=== Data extracts ===
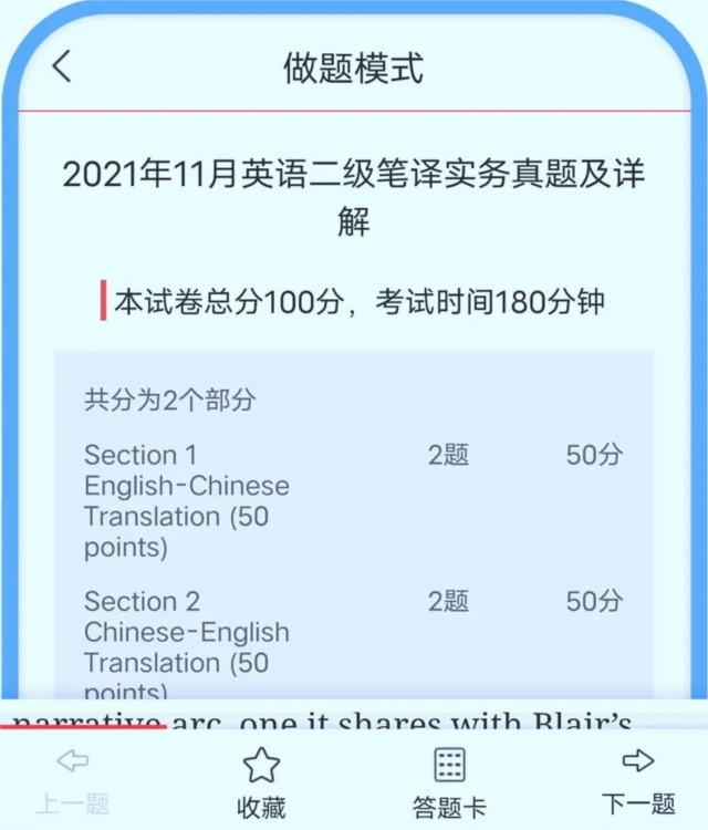 机考仿真:精准复刻考试界面与操作流程,可进行笔译综合能力及实务的全真模拟。
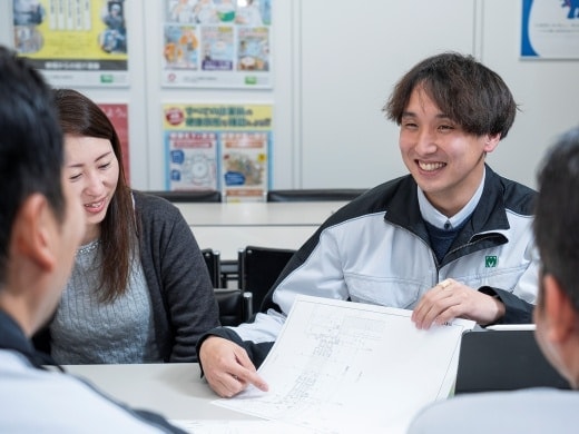 お客様(ゼネコン)と図面の修正や打合せを何度かやり取りし、承認が下りれば資材や施工を行う職人さんを手配します。その後は自ら現場で指揮を執り、施工管理を行います。設計と施工管理の分業制を敷く会社も多いですが、当社は担当者が最初から最後まで関わります。担当案件が完成するまで見届けられるのは当社の醍醐味です。
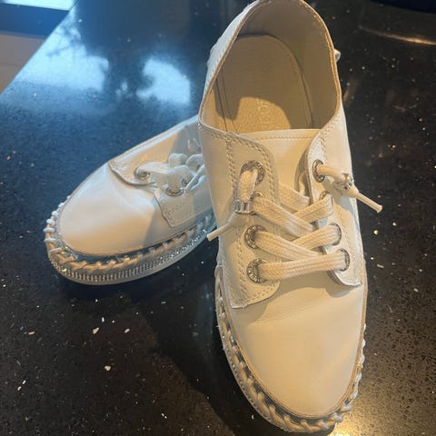 Kjøpte et par skinnsko i København for noen år siden, siden med min bare vilje ikke kunne gå fra det. Men ryggen min er overhode ikke enig med meg. Så etter flere år i skapet, må jeg selge det videre til noen faktisk kan gå med det, og elsker det like mye som meg! Skoene er i mykt skinn, høy hel, men det er ikke så bratt. Det er i rødt, grått og sort skinn, har snøring, og er istørrelse 38. Skoene er lite brukt, men noen brukerspor er det, men da må man se etter. Hbo. Kr 200. PS: sender ikke med posten da jeg uansett får straffegebyr på alt jeg sender uansett hvor innafor det er. Kan sende med post nord til 69 kr.
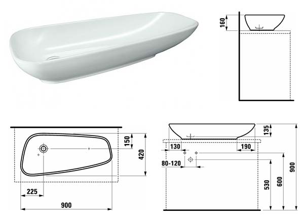 Раковина Laufen Palomba, чаша, накладная 920 х 420 (мм) без отверстия для перелива, без отверстия под смеситель
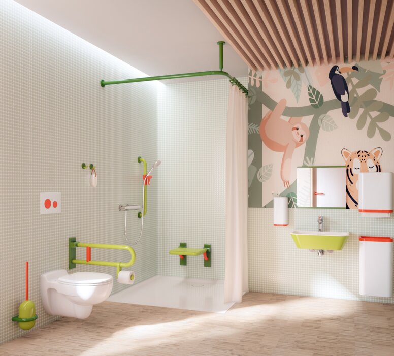 Die Gestaltung von Sanitäranlagen in Kindergärten erfordert eine detaillierte Planung, um den hohen Anforderungen an Sicherheit und Hygiene gerecht zu werden. HEWI unterstützt Sie als ArchitektInnen und PlanerInnen dabei.
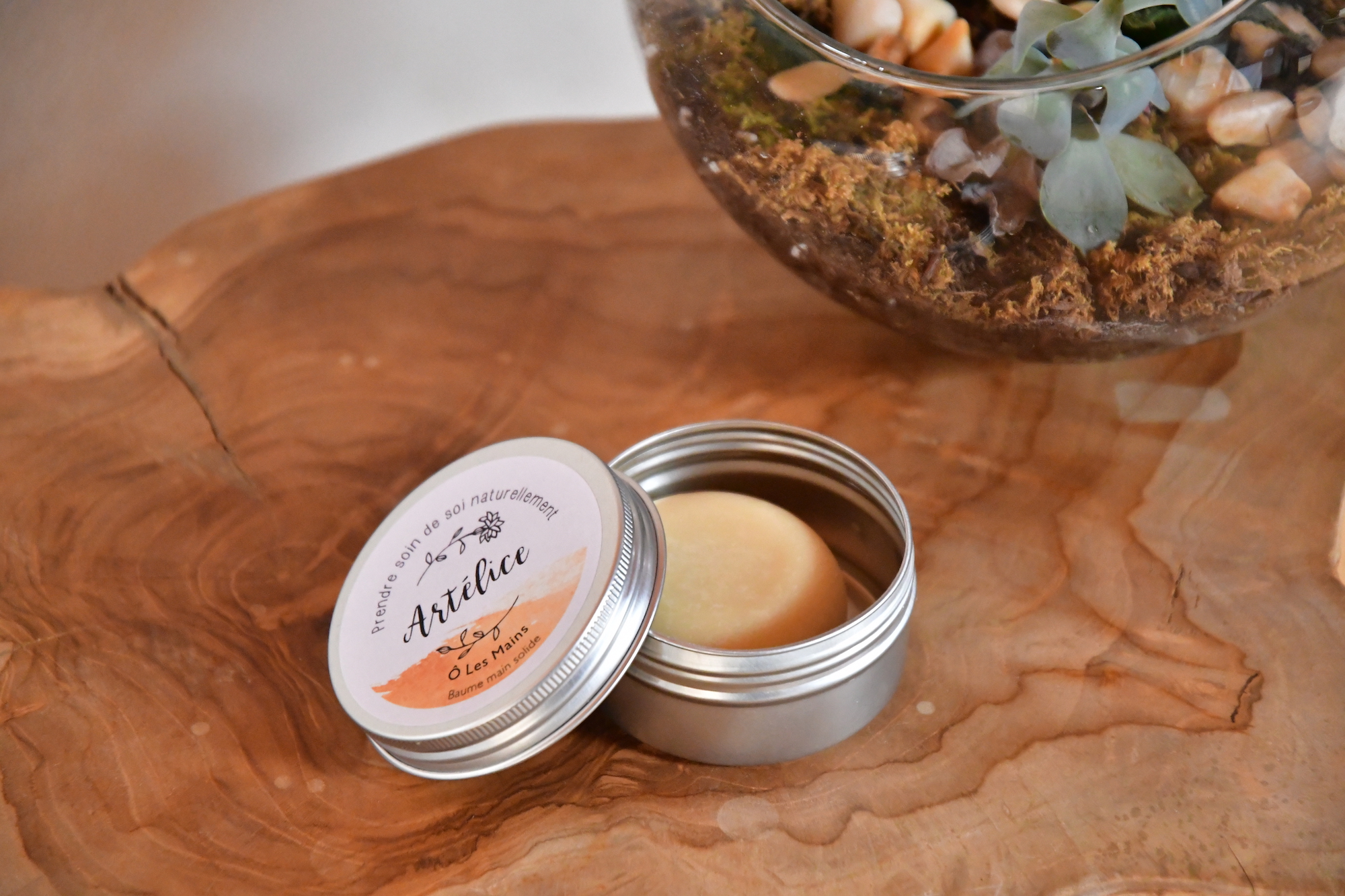Baume solide « Ô Les Mains » – Artélice. Livré avec boîte métallique pour le transport.
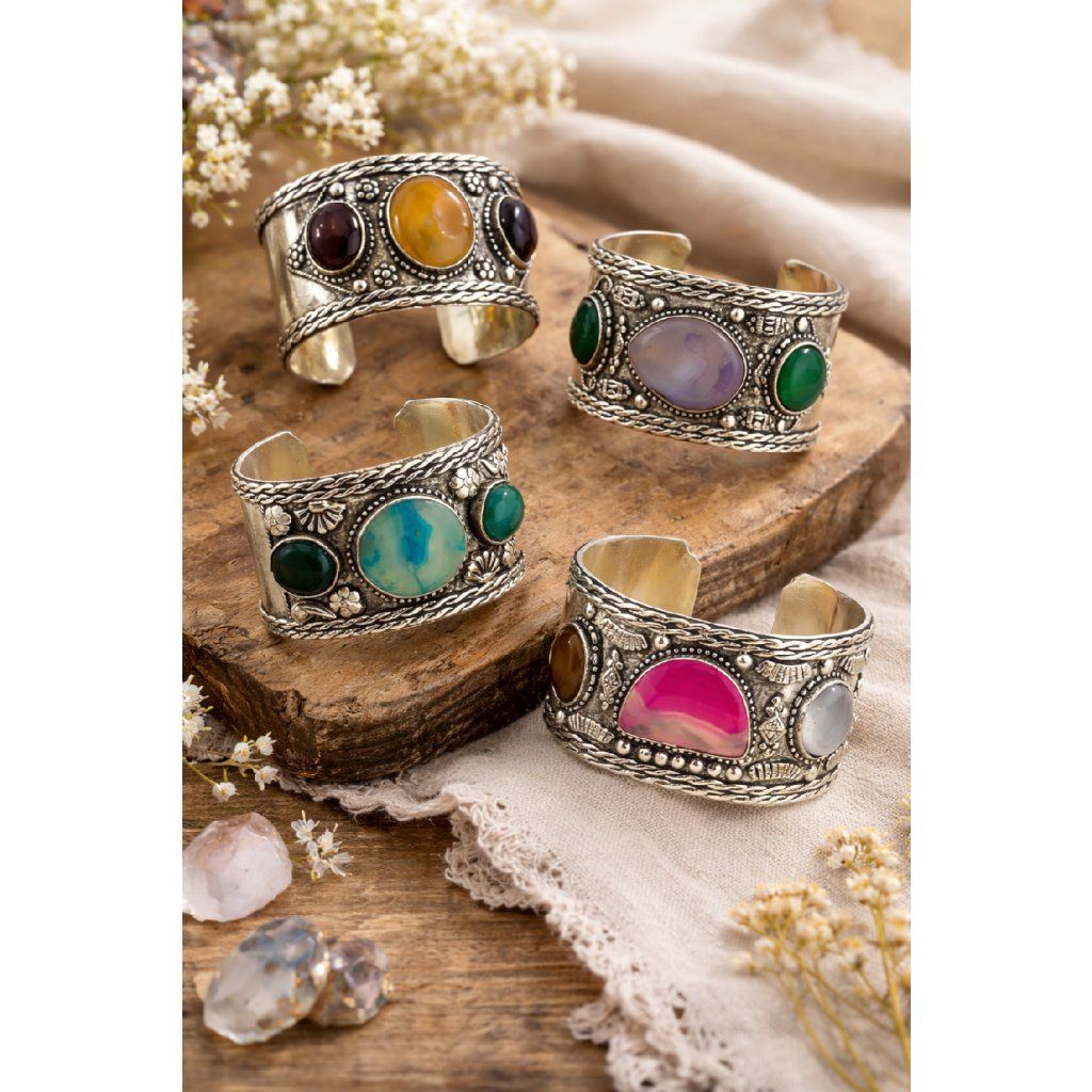 Stylové boho náramky s výraznými kameny a detailním zdobením jsou nepřehlédnutelným doplňkem pro každou milovnici originálních šperků. Kombinace kovového základu a barevných kamenů dodává každému kousku jedinečný charakter a šmrnc.
===
Reproduce the material above in full and without alteration, but skip all pictures.

* Result for this task *
 机考仿真:精准复刻考试界面与操作流程,可进行笔译综合能力及实务的全真模拟。
 お客様(ゼネコン)と図面の修正や打合せを何度かやり取りし、承認が下りれば資材や施工を行う職人さんを手配します。その後は自ら現場で指揮を執り、施工管理を行います。設計と施工管理の分業制を敷く会社も多いですが、当社は担当者が最初から最後まで関わります。担当案件が完成するまで見届けられるのは当社の醍醐味です。
 Kjøpte et par skinnsko i København for noen år siden, siden med min bare vilje ikke kunne gå fra det. Men ryggen min er overhode ikke enig med meg. Så etter flere år i skapet, må jeg selge det videre til noen faktisk kan gå med det, og elsker det like mye som meg! Skoene er i mykt skinn, høy hel, men det er ikke så bratt. Det er i rødt, grått og sort skinn, har snøring, og er istørrelse 38. Skoene er lite brukt, men noen brukerspor er det, men da må man se etter. Hbo. Kr 200. PS: sender ikke med posten da jeg uansett får straffegebyr på alt jeg sender uansett hvor innafor det er. Kan sende med post nord til 69 kr.
 Раковина Laufen Palomba, чаша, накладная 920 х 420 (мм) без отверстия для перелива, без отверстия под смеситель
 Die Gestaltung von Sanitäranlagen in Kindergärten erfordert eine detaillierte Planung, um den hohen Anforderungen an Sicherheit und Hygiene gerecht zu werden. HEWI unterstützt Sie als ArchitektInnen und PlanerInnen dabei.
Baume solide « Ô Les Mains » – Artélice. Livré avec boîte métallique pour le transport.
 Stylové boho náramky s výraznými kameny a detailním zdobením jsou nepřehlédnutelným doplňkem pro každou milovnici originálních šperků. Kombinace kovového základu a barevných kamenů dodává každému kousku jedinečný charakter a šmrnc.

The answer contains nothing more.